In a large skillet, heat 2 tablespoons of toasted sesame oil over medium-high heat. Allow it to warm up for a minute.
Add the 1 lb of jumbo shrimp to the skillet. Cook for about 2-3 minutes on each side, or until they turn pink and are cooked through. Remove the shrimp from the skillet and set aside.
In the same skillet, add the remaining 1 tablespoon of toasted sesame oil. Once heated, add the 3 tablespoons of freshly grated ginger and 1 tablespoon of minced garlic. Sauté for about 30 seconds, until fragrant.
Now, toss in the 6 sliced scallions (whites and greens), 1 thinly sliced red bell pepper, and the 16 oz of coleslaw mix or shredded cabbage. Stir-fry the mixture for about 4-5 minutes, allowing the vegetables to soften but still retain some crunch.

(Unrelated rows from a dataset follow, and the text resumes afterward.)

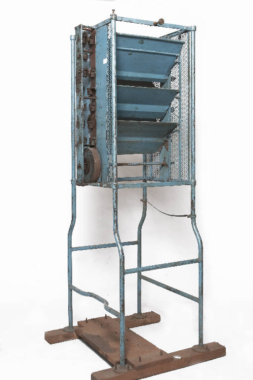 Lo strumento completo è formato da due parti. A: spelaiatrice a tramoggia: una tramoggia superiore con apertura regolabile, dalla quale discendono i bozzoli che si dirigono verso il basso guidati da successivi piani inclinati; all'estremità di ciascuno un fuso girevole ad alta velocità, con superficie rugosa, in cui si impigliano i fili della spelaia. B: tamburo rotante: un'elica interna spinge avanti i bozzoli, che trovano poi la via d'uscita attravesro le diverse sezioni del tamburo. Piastra fusa: "Brevetto Brambilla & Carini n°337 - Off. Mecc. G. Carini - MIlano via Savona 50"
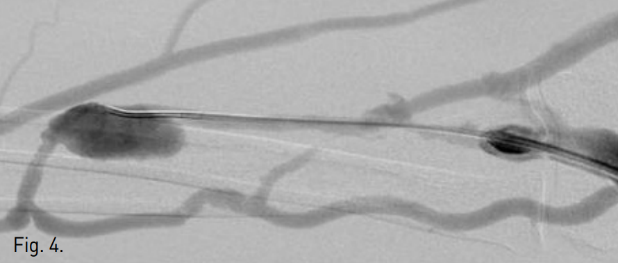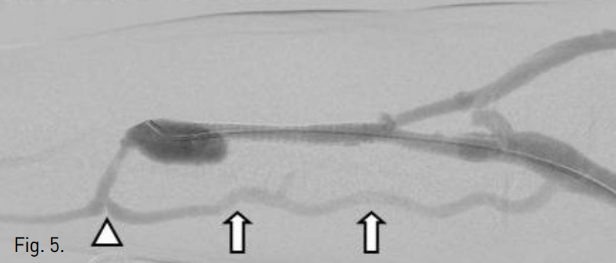 A fistulogram shows total occlusion of dis tal cephalic vein proximal to the anastomosis.
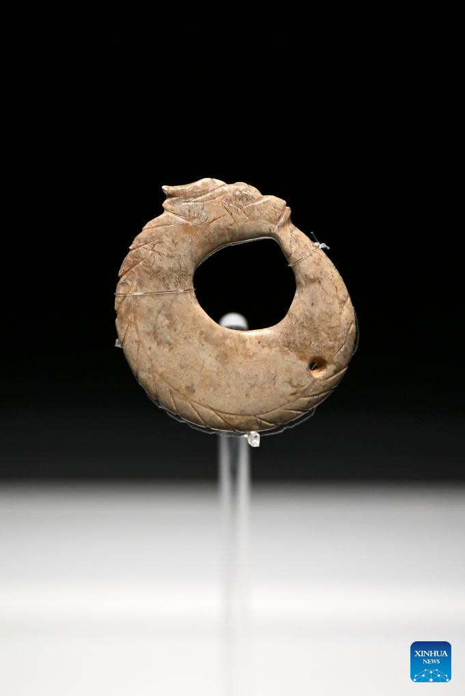 This photo taken on May 16, 2025 shows a jade dragon on display at the Lingjiatan Site Museum in Hanshan County, Ma'anshan, east China's Anhui Province. Dating back some 5,300 to 5,800 years, the Lingjiatan relic site in east China's Anhui was discovered in 1985. It is known for the jadeware unearthed there. The findings include jade artifacts in various shapes, offering a peek into the spirits and aesthetics of a prehistoric Chinese jade culture. (Xinhua/Huang Bohan)
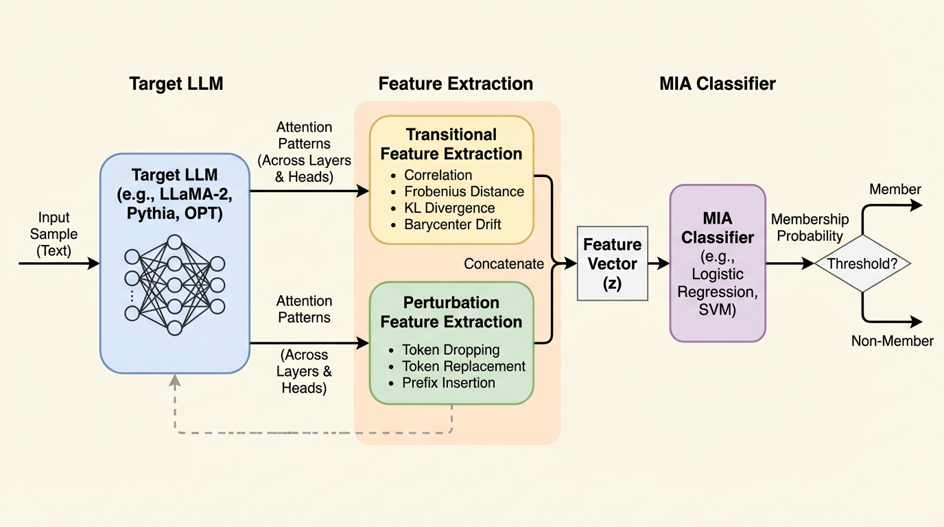 本研究では、トランスフォーマー内部の自己注意パターンを直接利用してメンバーシップを推論する、初のホワイトボックス型フレームワーク「AttenMIA」を提案している。この手法の核心的な洞察は、自己注意パターンが情報の流れを促進するだけでなく、モデルの記憶に関する微細かつ系統的な署名をエンコードしているという点にある。研究チームは、学習済みサンプルはモデル内部でより構造化され、集中したアテンションパターンを誘発し、その信号は層やヘッドを横断して持続するという仮説を立てた。 AttenMIAは、単にアテンションの値を観察するだけでなく、トランスフォーマー独自のマルチヘッド構造を活用し、層間の変化率に基づいた詳細なプライバシー信号を追跡する。…
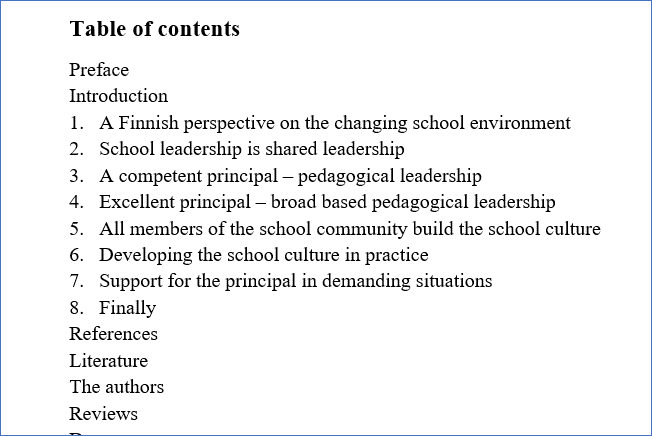 “Tapio Lahtero and Mikko Salonen uncover a more fundamental reason for the success: it has been institutionalized into the culture of learning through the careful development of school principals as guardians and leaders of cultures” - Michael Fullan, Professor Emeritus, University of Toronto, Canada.
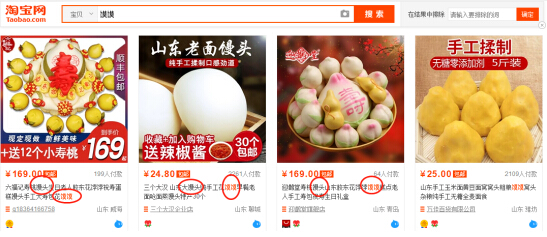 我们可以看到,这些排在前面的标题里,不仅有馍馍还有馒头,因为馒头也是馍馍的另一种叫法,如果我们的标题里只有“馍馍”没有“馒头”,毫无疑问肯定会失去一部分南方的顾客。
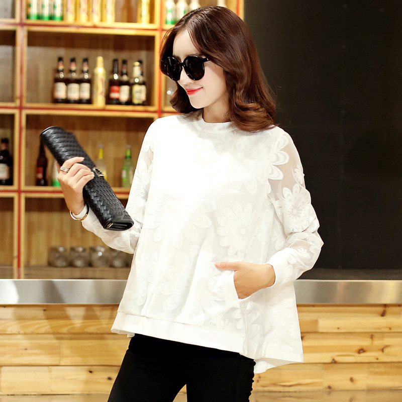 實拍秋長袖蕾絲上衣圓領大碼女裝韓系加肥加大大擺寬松外套 /
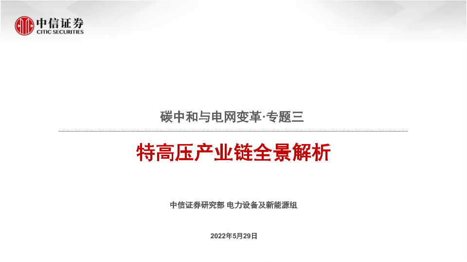 【中信证券】【20220529】电力设备及新能源行业碳中和与电网变革专题三:特高压产业链全景解析-34页
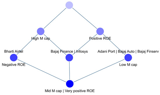 We can now see that concept analysis takes place by analyzing the object and its corresponding attributes. As a grouping of attributes is formed, it is possible to say that clustering is performed internally. For example, if we look at Concept 14, we can see that the stocks are clustered according to their corresponding attributes. Even if a stock is removed from the index, the concept will still survive, as it has a stability index of 1. Thus, for that concept, we can say that the portfolio manager looking for stocks with the attributes { , , } will obtain the following stocks: { Adani Ports, Apollo Hospitals, Axis Bank, Bajaj Auto, Bajaj Finserv}.
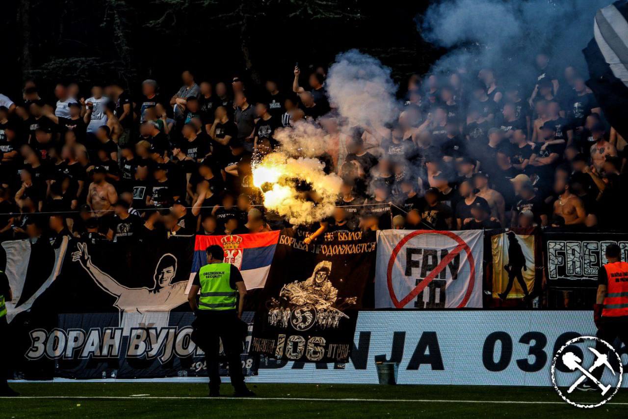 Баннер отряда 106 "Светлояр", состоящего из русских националистов и футбольных фанатов 🇷🇺 на трибуне фанатов белградского "Партизана" Гробарей на выездном матче.
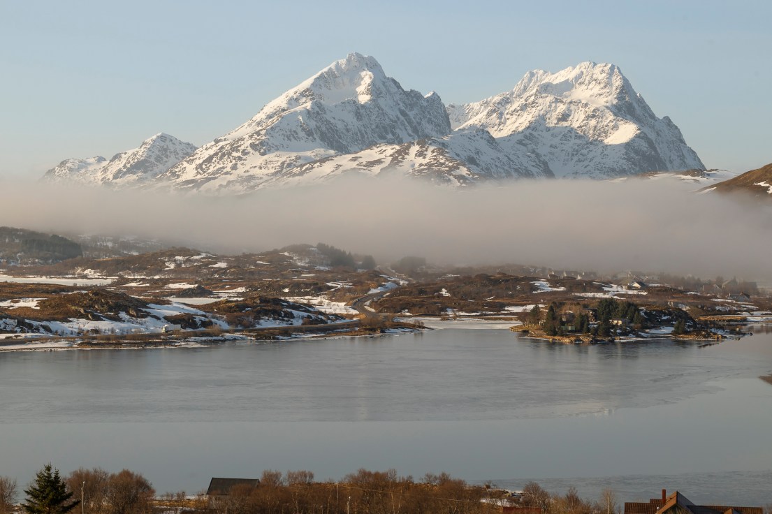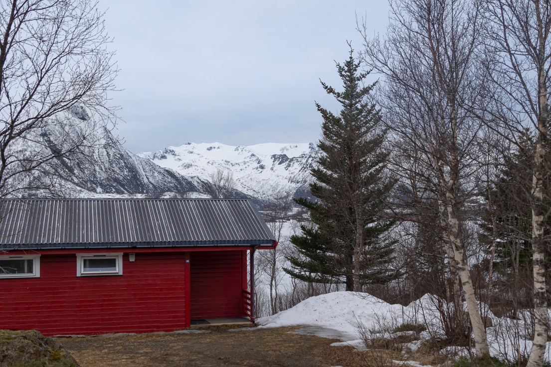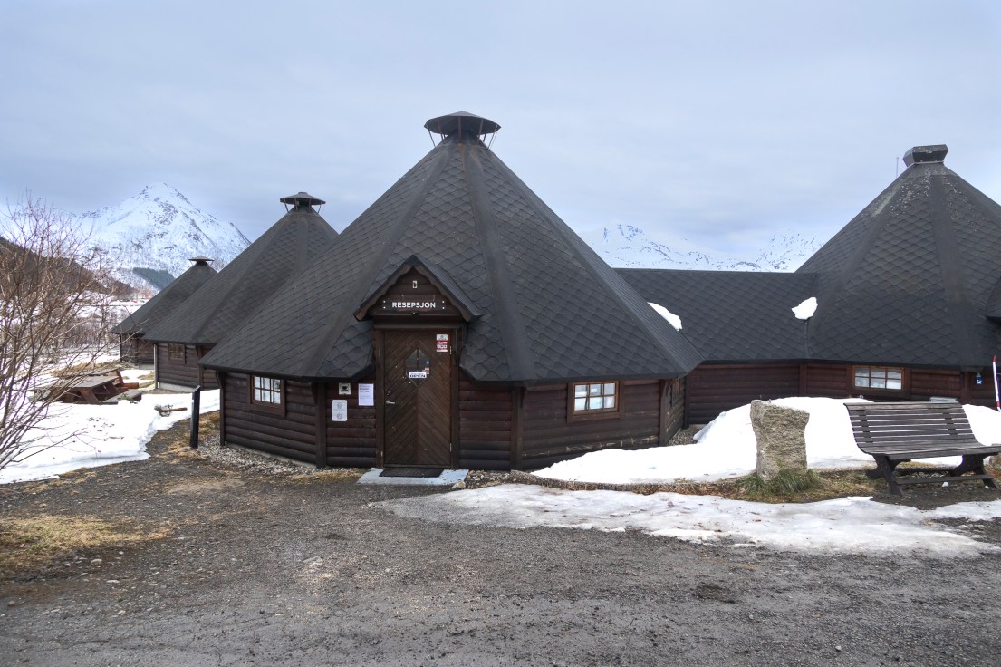 De reis naar de Lofoten kost een hele dag; vanaf Schiphol naar Oslo, daar een paar uur wachten op het vliegtuig naar Bodo en vanaf daar in een wat kleiner vliegtuig naar Svolvaer. Bagage ophalen en dan kunnen we het busje in om naar Sandsletta Camping – ons verblijfadres – te rijden. Maar oeps, er misten 2 koffers van ons gezelschap. Deze waren blijkbaar achtergebleven op Bodo en zouden uiteindelijk de volgende dag alsnog aankomen, maar hierdoor duurde het wel iets langer op het vliegveld. Daardoor kwamen we wat later op de Camping dan gepland en omdat het eten al klaarstond, was het even snel bagage droppen in je toegewezen blokhut en dan gelijk aan tafel in het hoofdgebouw. Geen tijd om iets uit de bagage te halen en dat was jammer, want hoewel er geen 30 cm verse sneeuw lag – waar ik toch stiekem eigenlijk wel op gehoopt had – lag er op de paden nog wel sneeuw, die overdag dooide en ‘s-avonds als het afkoelde weer opvroor zodat het spekglad werd. Dus na het eten op de terugweg in het donker – zonder snowgrips en zaklamp dus – ging ik al flink onderuit. Gelukkig bleef mijn kwetsuur beperkt tot een flinke blauwe plek.
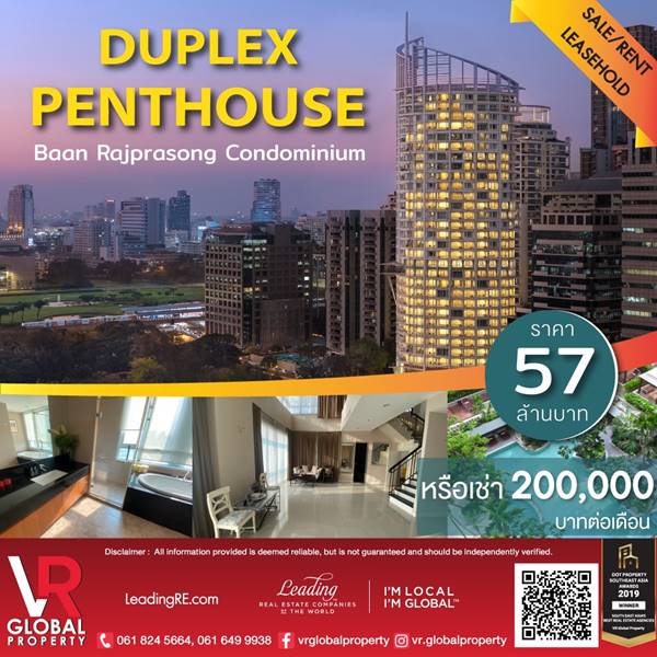 Sales (Leasehold) / Rent a Luxury Duplex Penthouse in the middle of the city (sale price 57 million baht)
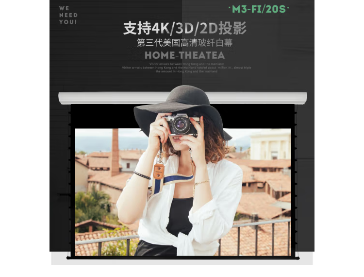 經(jīng)科(Jing Ke) M3-FI/20s高清玻纖電動拉繩幕投影儀幕布 白色外殼 96 英寸16:9 自營

Sprinkle 1 teaspoon of salt over the vegetables and drizzle in 1-2 tablespoons of soy sauce. Stir the contents well to combine all the flavors.
Return the sautéed shrimp to the skillet, mixing everything together gently. Cook for another minute to heat through.
Remove the skillet from heat and fold in the 1 cup of chopped fresh cilantro. This adds a refreshing note that complements the dish beautifully.
Plate your Ginger Shrimp Egg Roll Skillet and top with 1 cup of crunchy wonton strips and a sprinkle of 1 teaspoon of toasted sesame seeds. Enjoy your meal hot!